[REQUIRED ACTION]
Using the data that follows, give again word for word the lines between the one holding "Entree/hal met gastentoilet" and the one holding "علقت الإعلامية مي", inclusive. Omit the pictures.

[DATA EXTRACT]
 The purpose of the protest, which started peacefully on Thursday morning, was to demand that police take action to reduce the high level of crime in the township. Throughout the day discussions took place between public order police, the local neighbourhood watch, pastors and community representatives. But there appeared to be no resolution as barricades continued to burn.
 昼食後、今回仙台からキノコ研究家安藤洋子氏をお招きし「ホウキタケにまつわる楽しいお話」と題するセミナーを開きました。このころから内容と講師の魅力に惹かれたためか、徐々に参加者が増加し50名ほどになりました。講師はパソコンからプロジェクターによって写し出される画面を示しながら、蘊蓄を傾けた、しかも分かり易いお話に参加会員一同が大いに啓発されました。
--
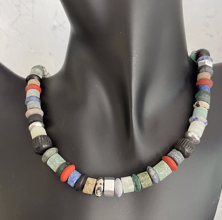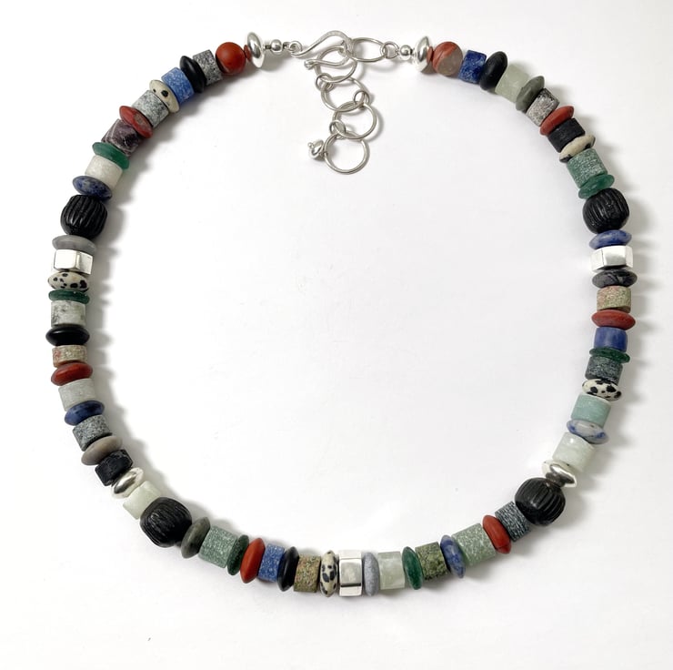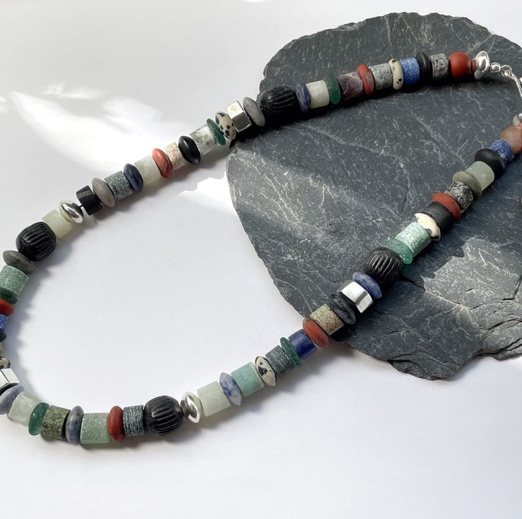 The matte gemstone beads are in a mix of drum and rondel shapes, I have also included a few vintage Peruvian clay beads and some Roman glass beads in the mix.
==
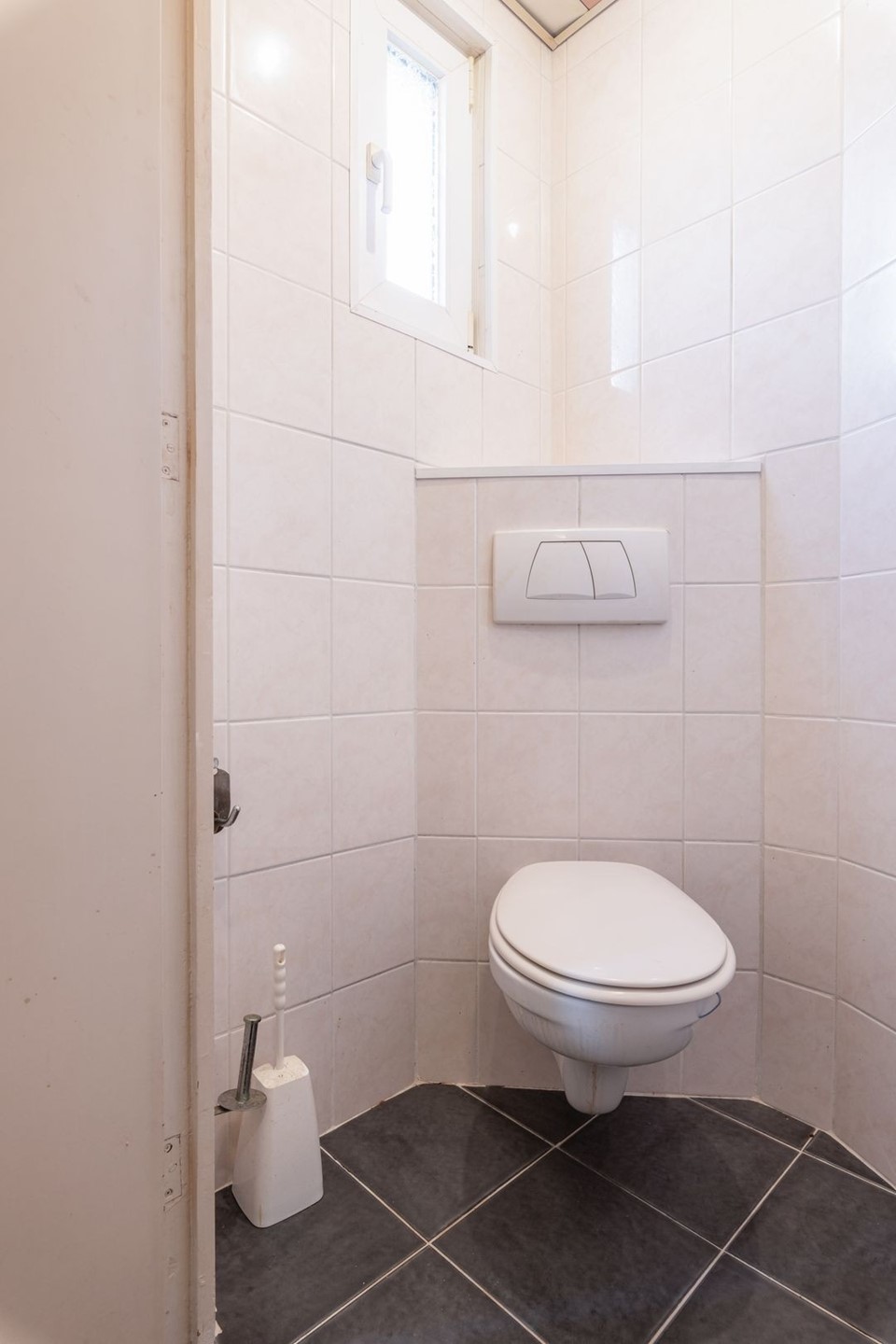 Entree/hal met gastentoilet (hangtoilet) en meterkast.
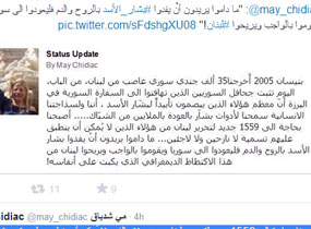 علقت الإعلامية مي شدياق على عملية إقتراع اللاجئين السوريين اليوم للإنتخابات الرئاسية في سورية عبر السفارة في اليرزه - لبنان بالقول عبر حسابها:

[RESULT FOR THIS TASK]
 Entree/hal met gastentoilet (hangtoilet) en meterkast.
 علقت الإعلامية مي شدياق على عملية إقتراع اللاجئين السوريين اليوم للإنتخابات الرئاسية في سورية عبر السفارة في اليرزه - لبنان بالقول عبر حسابها:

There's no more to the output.